August 3-8, 2013—Montréal, Québec, Canada
This page lists only Mathematica staff. For a full listing of all presenters, click here.
Variation in Quality by Hospital Characteristics: True or False?
David Jones, Sam Stalley, Alex Bohl, Frank Yoon, Eric Schone, Joseph Zickafoose, and Jessica Ross
Recent critiques of the AHRQ QIs in the academic literature and popular press have called into question the validity of the indicators in making comparisons of hospital quality. A key component of the critiques is the assertion that certain hospital types are fundamentally different in their mission, patient populations, and service delivery. These assertions are typically supported by limited evidence that the group means of the QIs (average risk- and reliability-adjusted point estimates) vary by hospital characteristics. We present a systematic review of the variation in the QIs by hospital characteristics. We add to the evidence base by considering the estimated variance of the risk- and reliability-adjusted rates when testing the differences between hospital group means. We also compare the distributions of hospital performance categories reported on CMS's Hospital Compare website (an alternate way of comparing hospitals) to determine if there is variation by hospital groups. Finally, we explore sources of the observed differences in a multivariate framework, by estimating the degree to which various hospital characteristics drive the variation in hospital results.
The Role of Hospital Characteristics in Setting Appropriate Yardsticks for Quality Measurement
Frank Yoon, Alex Bohl, David Jones, Dmitriy Poznyak, Jessica Ross, Eric Schone, Joseph Zickafoose, and Dejene Ayele
Hierarchical models in the AHRQ Quality Indicators (QI) adjust for patient-level risk factors but not for potential variation in quality by hospital attributes, such as teaching status or bed size. This variation is typically modeled by hospital-level random effects, for example, by setting prior means in a Normal distribution that depend on hospital attributes. Alternatively, we evaluate the performance of hierarchical models that assume more flexible random effect distributions than the Normal to better account for underlying variation in quality. Flexible distributions for the random effects might avoid the need to explicitly specify models with hospital attributes while addressing concerns about their use and interpretation in hospital profiling. We will discuss this advantage and demonstrate the application of these enhanced models in a nationally representative inpatient claims database.
Hospital Peer Groups, Reliability, and Stabilization: Shrinking to the Right Mean
Alex Bohl, David Jones, Dmitriy Poznyak, Jessica Ross, Eric Schone, Frank Yoon, Joseph Zickafoose, and Sam Stalley
The AHRQ Quality Indicators (QIs) are reliability-adjusted or "smoothed" to the national mean to deal with the unstable QIs estimates due to hospitals with small numbers of denominator cases and rare outcomes. Differences in hospital scope, size, and other characteristics allude to the possibility that smoothing to target means determined by hospital attributes, or "peer groups," may reduce bias when comparing hospitals on their estimated QIs.

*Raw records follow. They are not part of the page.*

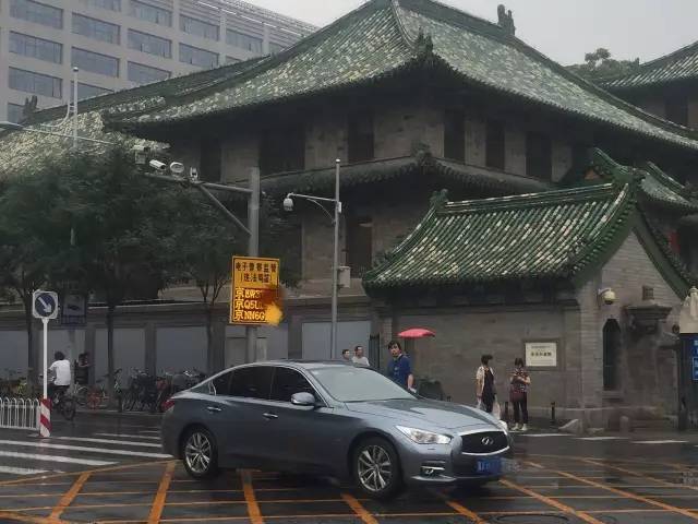 今天上午,记者在东城区校尉胡同、北京协和医院西门附近看到,安装有探头的立柱上,又多了一位“黄色制服”的电子警察。这个电子警察外形方正,写着“电子警察监管(违法鸣笛)”,上方是一串组合“电子眼”,下方是显示屏,显示着三个违法鸣笛的车牌号,均为京牌。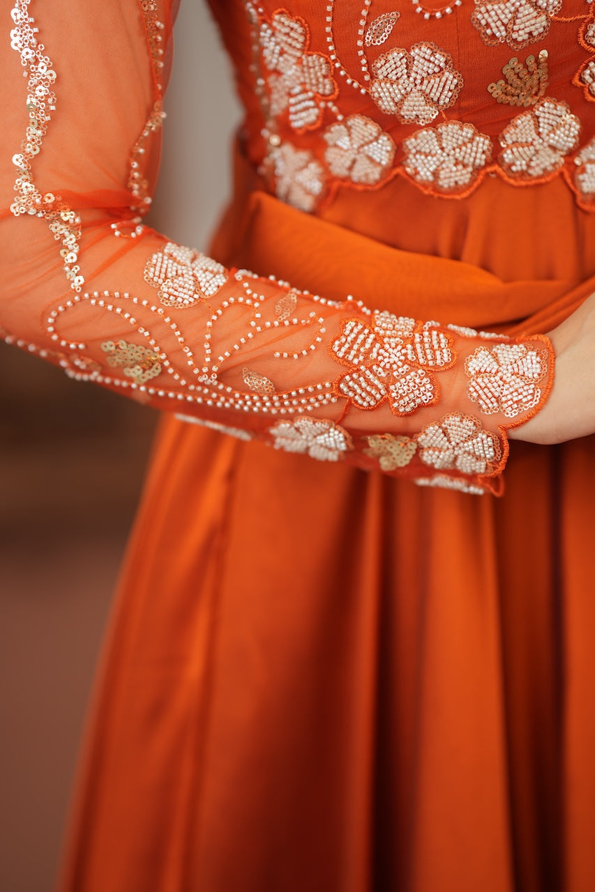 The designer beadwork on the yoke and sleeves adds a touch of shimmer and sophistication, while the ruffled hemline enhances the feminine charm.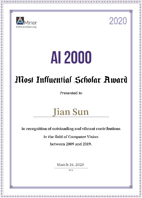 院长、兼职教授。孙剑博士自2002年以来在CVPR、ICCV、PAMI等顶级学术会议和期刊上发表学术论文100余篇,两次获得CVPR最佳论文奖(2009、2016),Google Scholar总引用80000余次(截止2019年6月),于2010年被美国权威技术期刊MIT Technology Review评选为“全球35岁以下杰出青年创新者TR35”。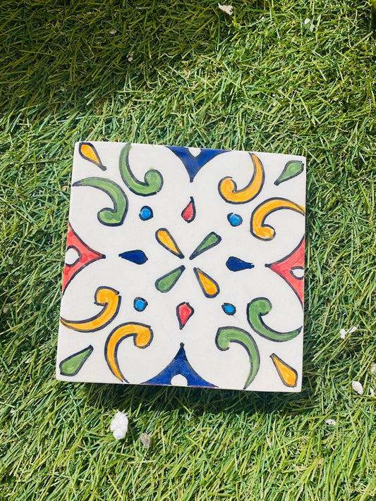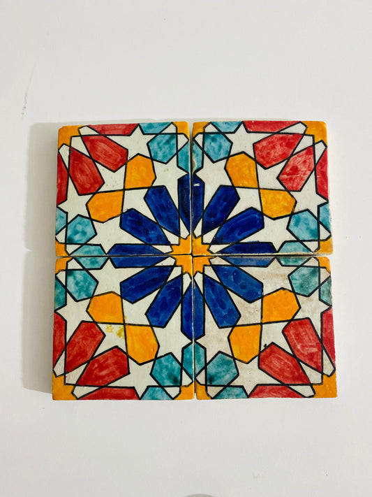 Hand-Painted Moroccan Floral Diamond Tile Set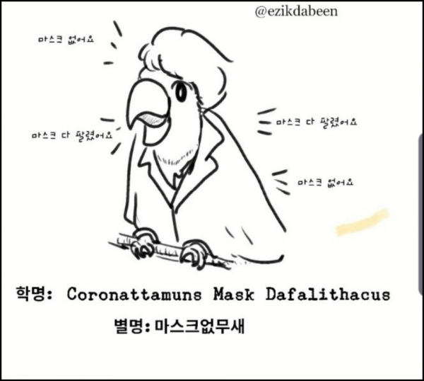 서 약사가 직접 그린 웹툰에는 "마스크 없어요" "마스크 다 팔렸어요"라는 말을 외치는 앵무새가 있었다. 학명은 'Coronattamuns Mask Defalithacus(코로나타문스 마스크 다팔리따쿠스)', 별명은 '마스크없무새'라는 내용.

Current research suggests that incorporating peer-group targets into the risk-adjustment model through random effects is not feasible due to high-dimensional parameters and computational limits of MCMC estimation. Two alternative approaches are to: (1) smooth to a peer-group's risk-adjusted mean in the current framework (using an empirical estimate of reliability using the signal-to-noise ratio); or (2) add fixed effects for hospital characteristics to the risk-adjustment model. This study aims to compare the performance of these alternative peer-group smoothing methods and discuss their conceptual implications. We will judge model performance based on changes to model efficiency and reduction in comparison bias.
Alternative Weighting Schemes for the AHRQ QI Composites
Eric Schone, Alex Bohl, David Jones, Dmitriy Poznyak, Jessica Ross, Frank Yoon, and Joseph Zickafoose
In the current AHRQ QI composite scheme, composites are constructed of weighted averages of smoothed component rates, where components are smoothed to the national mean. The same composite weights are applied to all hospitals regardless of their characteristics. If the true performance of small hospitals is different from the national mean, the current compositing methodology may introduce bias when comparing hospital performance. As part of our research investigating the relation between hospital characteristics to the performance of QI measures, we estimate bias in component values among groups of hospitals defined by different characteristics, including volume. We will carry through our analyses from the component to the composite level by comparing the reliability and total estimated bias of the composite across hospital groups. We will explore several options for combining QI component values and discuss the challenges and strengths of each approach. We will further compare the influence of these weighting schemes on the predictive validity of the AHRQ QI composites.
Impact on Weights and Sampling Errors of Using Hybrid Frame and Composite MOS
John Hall, Mark Denbaly (Economic Research Service-USDA), and Pheny Weidman (Economic Research Service-USDA)
The National Household Food Acquisition and Purchase Survey (FoodAPS) employed two strategies to efficiently oversample households receiving U.S. Supplemental Nutrition Assistance Program (SNAP) benefits and other low income households: (1) composite measures of size (MOS) in a multi-stage sampling design; (2)use of a hybrid sampling frame at the penultimate level of sampling. FoodAPS was fielded in 2012 and collected data from nearly 5,000 households. The sample used a three-stage design, where primary and secondary selection units (PSUs and SSUs) were selected using composite MOS that reflected the projected prevalence of and sampling rate for each of four target groups: SNAP households and three income-defined strata of households not receiving SNAP. Within SSUs the study employed a hybrid frame approach: addresses from SNAP administrative records were merged with addresses from a commercial Address Based Sampling (ABS) frame. The paper will review all phases of sampling: how the composite size measures were constructed; how the two frames were used within SSUs. In addition the paper will attempt to evaluate the impacts of the approach on analysis weights and sampling errors.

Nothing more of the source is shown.